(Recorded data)
:::

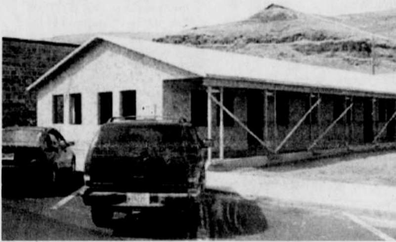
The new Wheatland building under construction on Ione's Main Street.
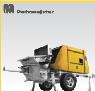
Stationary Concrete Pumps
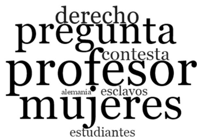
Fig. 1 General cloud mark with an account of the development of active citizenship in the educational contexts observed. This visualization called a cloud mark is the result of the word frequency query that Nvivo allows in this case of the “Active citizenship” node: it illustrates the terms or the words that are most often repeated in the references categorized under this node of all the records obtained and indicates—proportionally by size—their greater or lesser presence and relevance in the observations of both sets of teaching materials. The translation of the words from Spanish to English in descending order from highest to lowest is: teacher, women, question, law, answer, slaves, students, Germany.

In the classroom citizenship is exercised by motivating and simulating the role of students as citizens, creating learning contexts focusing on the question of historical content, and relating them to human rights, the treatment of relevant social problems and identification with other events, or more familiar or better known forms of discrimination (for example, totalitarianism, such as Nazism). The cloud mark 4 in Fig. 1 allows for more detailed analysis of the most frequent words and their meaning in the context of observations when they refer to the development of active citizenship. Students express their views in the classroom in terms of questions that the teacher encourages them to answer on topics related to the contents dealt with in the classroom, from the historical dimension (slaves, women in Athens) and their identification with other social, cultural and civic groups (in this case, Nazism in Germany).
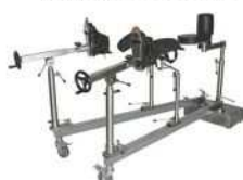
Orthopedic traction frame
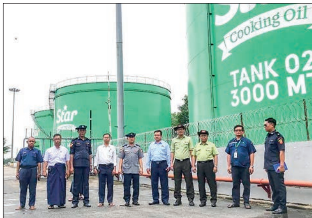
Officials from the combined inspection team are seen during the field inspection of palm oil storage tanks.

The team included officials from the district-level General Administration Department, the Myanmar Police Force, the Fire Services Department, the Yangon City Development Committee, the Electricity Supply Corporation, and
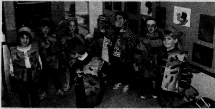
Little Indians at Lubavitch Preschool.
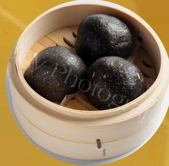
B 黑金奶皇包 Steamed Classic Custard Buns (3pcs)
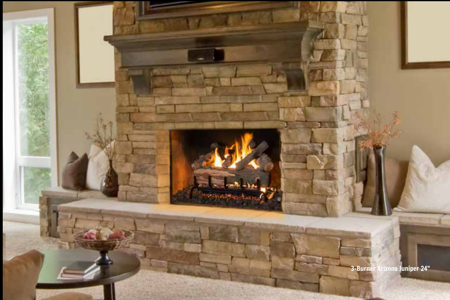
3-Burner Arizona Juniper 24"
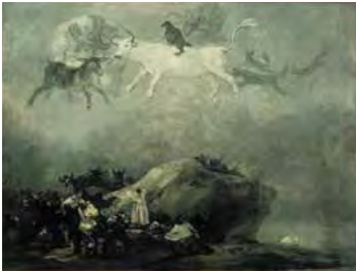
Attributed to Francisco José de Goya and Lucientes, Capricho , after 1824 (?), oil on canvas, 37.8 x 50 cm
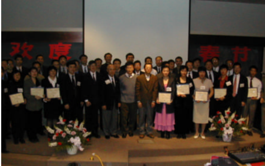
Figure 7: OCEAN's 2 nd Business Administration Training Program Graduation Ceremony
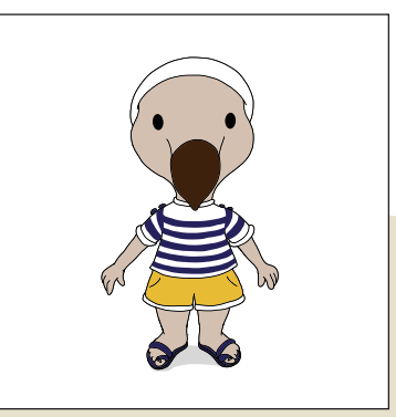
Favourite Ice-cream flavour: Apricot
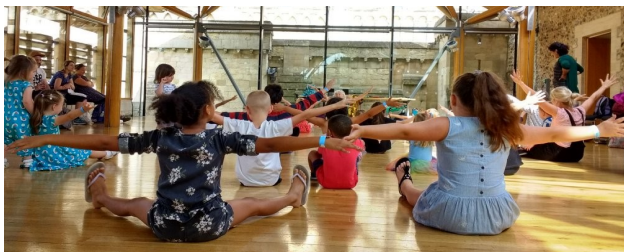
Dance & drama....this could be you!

:::

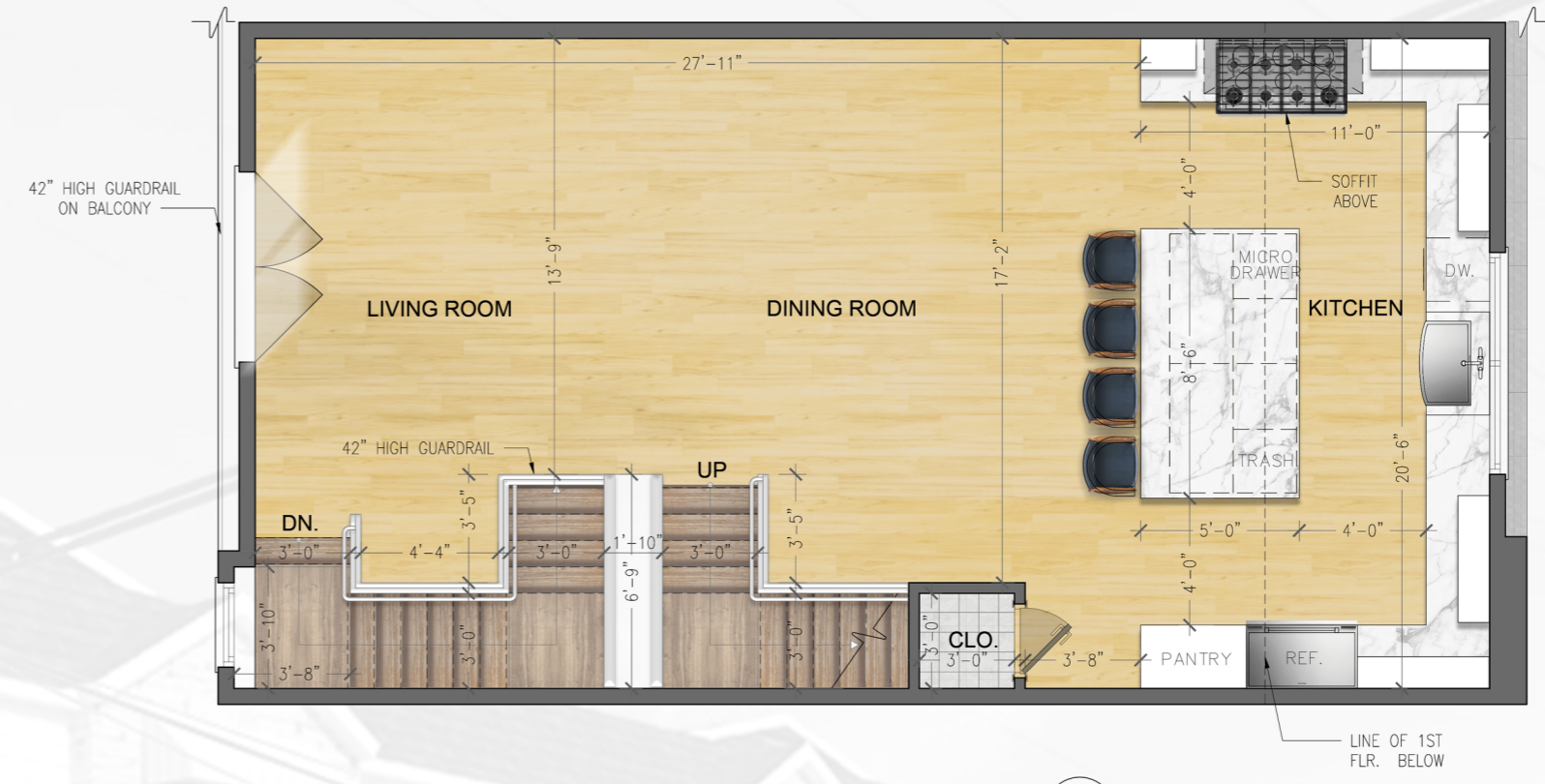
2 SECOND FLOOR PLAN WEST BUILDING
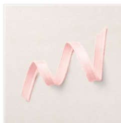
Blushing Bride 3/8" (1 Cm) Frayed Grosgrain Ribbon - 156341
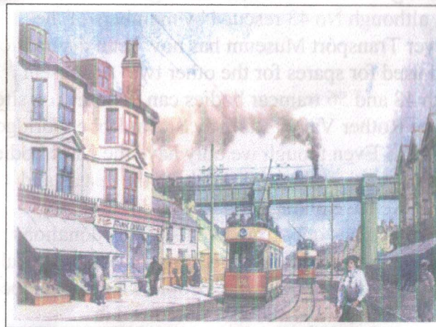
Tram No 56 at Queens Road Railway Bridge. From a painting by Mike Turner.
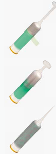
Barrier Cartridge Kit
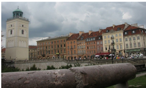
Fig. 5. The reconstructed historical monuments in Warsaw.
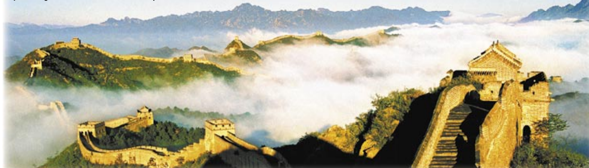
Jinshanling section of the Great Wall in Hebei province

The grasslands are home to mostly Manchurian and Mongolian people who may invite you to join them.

:::

Among the entries above, take the line with "The new Wheatland", the line with "Attributed to Francisco", and all the lines between them, and restate them word for word without pictures.

» Result below:
The new Wheatland building under construction on Ione's Main Street.
Stationary Concrete Pumps
Fig. 1 General cloud mark with an account of the development of active citizenship in the educational contexts observed. This visualization called a cloud mark is the result of the word frequency query that Nvivo allows in this case of the “Active citizenship” node: it illustrates the terms or the words that are most often repeated in the references categorized under this node of all the records obtained and indicates—proportionally by size—their greater or lesser presence and relevance in the observations of both sets of teaching materials. The translation of the words from Spanish to English in descending order from highest to lowest is: teacher, women, question, law, answer, slaves, students, Germany.

In the classroom citizenship is exercised by motivating and simulating the role of students as citizens, creating learning contexts focusing on the question of historical content, and relating them to human rights, the treatment of relevant social problems and identification with other events, or more familiar or better known forms of discrimination (for example, totalitarianism, such as Nazism). The cloud mark 4 in Fig. 1 allows for more detailed analysis of the most frequent words and their meaning in the context of observations when they refer to the development of active citizenship. Students express their views in the classroom in terms of questions that the teacher encourages them to answer on topics related to the contents dealt with in the classroom, from the historical dimension (slaves, women in Athens) and their identification with other social, cultural and civic groups (in this case, Nazism in Germany).
Orthopedic traction frame
Officials from the combined inspection team are seen during the field inspection of palm oil storage tanks.

The team included officials from the district-level General Administration Department, the Myanmar Police Force, the Fire Services Department, the Yangon City Development Committee, the Electricity Supply Corporation, and
Little Indians at Lubavitch Preschool.
B 黑金奶皇包 Steamed Classic Custard Buns (3pcs)
3-Burner Arizona Juniper 24"
Attributed to Francisco José de Goya and Lucientes, Capricho , after 1824 (?), oil on canvas, 37.8 x 50 cm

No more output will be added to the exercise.